Regrets

Mille regrets de vous abandonner
et d’être éloigné de votre visage amoureux.
J’ai si grand deuil et peine douloureuse
qu’on me verra vite mourir.

– Josquin des Prez

He’s still awake at 2 AM. It didn’t matter when he decided to sleep another night to see another day, not when his mother died last month. When he was young his mother would call for him to go to bed, now he can only hear her in his head.

He didn’t bother cleaning the dishes that night because he still has hope, hope that he would never wake from his sleep. Though of course, there is no point in hoping, he thinks, because having hope is no different than fooling yourself.

He tears open a denture cleanser tablet and pops it in the water. He pulls up a chair and watches the bubbles effervesce. It’s as if the tablet knows what to do; of course it does. It isn’t condemned with a mind like his so that he can doubt every decision he makes.

Five minutes, he thinks, five minutes can go by quickly enough. But his mind dotes on the funeral he refused to attend that afternoon. He was thinking about it this morning, as he was yesterday night, the night before, and the ones before that. He even dressed himself in full mourning attire, only to undress soon thereafter. He just couldn’t bear seeing her again.
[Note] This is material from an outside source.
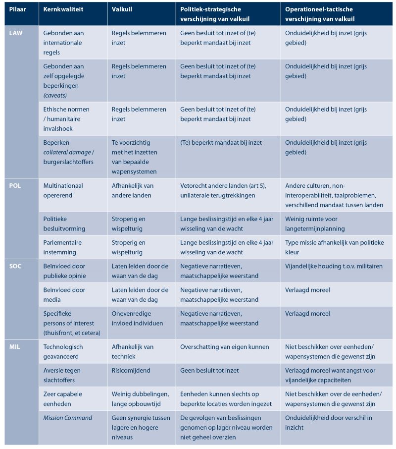 Zoals duidelijk wordt bij de valkuilen van de LAW-steunpilaar, is het optreden van Nederlandse militairen precies beschreven in verdragen, internationale afspraken en mandaten. Hierin staat zo nauwkeurig mogelijk wat wel en wat niet mag. Een potentiële tegenstander weet dit en gaat de grijze gebieden opzoeken, hiermee creëert het dus de valkuil voor Defensie. Defensie is niet in staat om bijvoorbeeld eigenhandig het recht op zelfverdediging in het VN-Handvest aan te passen, dus ze zal moeten leren leven met de consequenties. Zo zullen oefeningen een grotere rol moeten reserveren voor bewapende burgers of militairen zonder insignes en bijvoorbeeld de plaatsing van vitale vijandige communicatieapparatuur in ziekenhuizen.

He thought he would feel guilty if he showed up. After all, it was her husband who passed away. He didn’t need be another pitiful Florentino Azaria.
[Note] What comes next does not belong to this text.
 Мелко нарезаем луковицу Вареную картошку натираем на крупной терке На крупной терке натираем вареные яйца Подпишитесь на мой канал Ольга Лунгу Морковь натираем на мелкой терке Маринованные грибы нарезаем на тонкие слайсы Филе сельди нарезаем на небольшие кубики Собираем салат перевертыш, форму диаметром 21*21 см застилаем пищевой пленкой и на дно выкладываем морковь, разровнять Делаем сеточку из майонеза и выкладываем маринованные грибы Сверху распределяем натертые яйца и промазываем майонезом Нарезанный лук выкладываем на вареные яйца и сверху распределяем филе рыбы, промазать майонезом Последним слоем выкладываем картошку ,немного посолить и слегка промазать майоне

Fifty years ago, he thought his desires were hopeless. As much as he wanted to ask her to witness the setting of the summer sun, it was clouded by his infinite fear. Because to ask her would be to ask her. Now, he knew that to not ask her would be to not ask her.

He would avoid sunsets because it made him cry, not only for its awesome beauty but for the melancholy it would stir up. Now the crimson sky is stained with his blood. The lake water laps and licks his wounds, covered with the blood-soaked cotton clouds.
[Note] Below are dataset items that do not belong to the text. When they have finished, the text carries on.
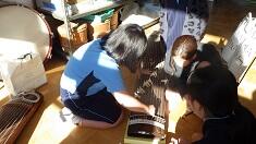 1組も2組も、友達同士で「七七八 七七八~」とどの弦を弾いたらよいかを口ずさみながら、4~5人のグループで体験しました。
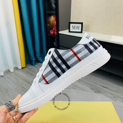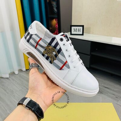 Hình ảnh chi tiết giày Sneaker Burberry nam màu trắng Fake 1:1 họa tiết nổi bật:
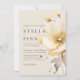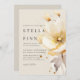 Elegant and romantic watercolor one large flower white yellow and gold on sand wedding invitation with QR code for RSVP and wedding details.

He could have said something there and then, but something prevented him. Whatever it was, it didn’t matter anymore. He tunes his radio to the classical station, waiting for the music to carry him into the depths of the night.

Elgar is playing. He immediately recognized it was Sospiri, a piece whose ephemeral effect is lost on him because he has heard it too many times. How tragic must it be, he thinks, for a piece of music to lose its emotional effect. As it reached its climax, he soaks his pillow with tears, not for the beauty of the music, but for how not even music could represent his pain.

Under his fading breath he murmurs, “You had your chance but blew it.” And with that, he huffs his final wisp of air.